Dutch govt crisis highlights immigration conflict

Dutch Prime Minister Jan Peter Balkenende submitted his government’s resignation on Friday, clearing the way for a possible election, after a simmering immigration debate spilled over into a full-scale political crisis.

Balkenende tendered the resignation to the head of state, Queen Beatrix, who must now consult political leaders to determine where to go next.

The move comes after D66, a junior coalition partner, withdrew its support for the centre-right government in a row over the handling of the citizenship of Somali-born former lawmaker Ayaan Hirsi Ali.

As well as focusing on the particular personality of Hirsi Ali, the dispute has exposed a wider immigration debate that has been simmering since the 2002 assassination of anti-immigrant leader Pim Fortuyn, whose party then entered a governing coalition.

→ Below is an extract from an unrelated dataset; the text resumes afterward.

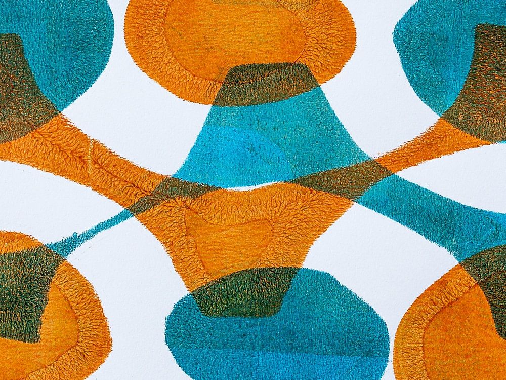 This monotype or monoprint is made with a geliplate and acrylic paint. A unique handmade and one-off piece, only 1 print can be made of your design. Because of the graphic printing technique and the paper used, all kinds of structures and effects are created. In the colors, the structures resemble an aerial photograph of a river delta. Here, layers are printed on top of each other, with homemade stencils in between. As a result, there seems to be a certain depth to the work. The round shapes interlock like links of a chain. The color is warm orange brown and turquoise and and greenish. Natural tones that fit into retro interiors and modern interiors. The colors and pattern are also reminiscent of the seventies. A unique handmade piece of art.

Queen Beatrix will now consult with political leaders to determine whether new elections should be called or if Balkenende’s Christian Democrats can form a temporary minority government with its other coalition partner, the liberal VVD.

In the meantime, Balkenende will continue to lead a caretaker government.

D66, which had three of the 25 government posts, quit the coalition, which had taken power in May 2003, after failing to force Immigration Minister Rita Verdonk into resigning.

Verdonk, known for her tough position on immigration, announced in May that Hirsi Ali would have to give up her Dutch passport because she had lied on her asylum application, but this week reversed that decision.

Hirsi Ali, who came to international attention in 2004 after her friend and collaborator Dutch filmmaker Theo van Gogh was murdered by a Muslim extremist, has since stepped down as a lawmaker and left for the United States.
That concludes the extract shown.